US Lawmakers Are Worried About China Being Ahead of US With CBDC

Lawmakers raise concerns that the U.S. is behind China regarding central bank digital currency (CBDC) development, and they want to know what catching up would mean for the dollar.

In the House Subcommittee on National Security, International Development and Monetary Policy hearing on Tuesday, lawmakers asked the difficult question from industry experts on CBDC: how far behind the U.S. actually is — especially with China.

The title of the meeting was “The Promises and Perils of Central Bank Digital Currencies” but, most lawmakers used their time to question how harmful it is for the U.S. to drag its feet on a digital dollar, and which elements of a project would benefit from public action or private sector solutions.

Rep. Jim Himes (D-CT) and Rep. Andy Barr (R-KY) both opened with concerns of “inaction.” Himes wondered what time horizon of inaction would cause the U.S. to lose “the ability to lead and innovate” in the CBDC landscape.

He asked: “Is it three months? Three years?”

Panelist Dr. Julia Coronado, Founder of MacroPolicy Perspectives, said that putting a countdown clock on falling irrevocably behind is unrealistic.

She referred to key metrics:

“What I would look for as a sign that the U.S. has missed the mark of the train leaving the station would be wide-scale adoption of a central bank digital currency and cross-border leaps.”

As it now stands, the only examples of cross-border bank-to-bank transactions of the digital yuan are between China and the United Arab Emirates.

Barr built on those concerns by asking about China directly: is the U.S, on track to cede a competitive advantage to China in this area?

Robert Baldwin, Head of Policy for the Association for Digital Asset Markets, was less concerned. Privacy concerns and a lack of capital controls over China’s offering could make the dollar more appealing by comparison.

He said:

“The U.S. needs to catch up to Chinese development, but when the U.S. presents its own alternative there is an obvious incentive for the current system to utilize and American-based system.”

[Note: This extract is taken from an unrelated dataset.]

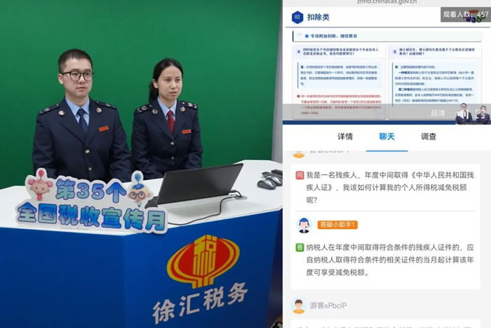 徐汇区税务局依托线上直播平台开展税收宣传月专题培训。税务骨干围绕个税年度汇算热点内容,结合实操案例细致解读、实时互动答疑,帮助纳税人缴费人明晰政策要点与办理流程,切实提升依法纳税意识。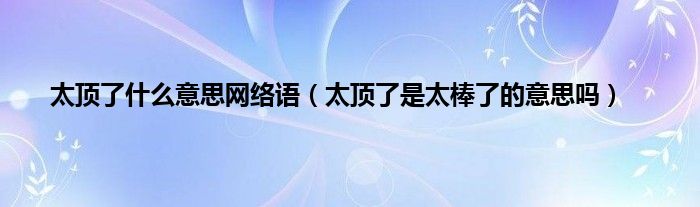 大家好,小科来为大家解答以上问题。太顶了什么意思网络语,太顶了是太棒了的意思吗很多人还不知道,现在让我们一起来看看吧!

While some spent their time focusing on the pace of innovation, other lawmakers who have historically moved the needle forward for blockchain regulation used their time to question what that innovation will look like.

Some have speculated that China’s digital yuan will be used as a surveillance tool to track citizens. It is imperative, according to some in Congress, that the architecture of a digital dollar does not carry the same capabilities. Whether or not that would in reality be the case, is another matter.

For that reason, Rep. Tom Emmer (R-MI) favored a more private-leaning solution:

“Any attempt to craft a central bank digital currency that enables the Fed to provide retail bank accounts and mobilizes the CBDC rails into a surveillance tool, able to collect all sorts of information on Americans, would do nothing but put the United States on par with China’s digital authoritarianism.”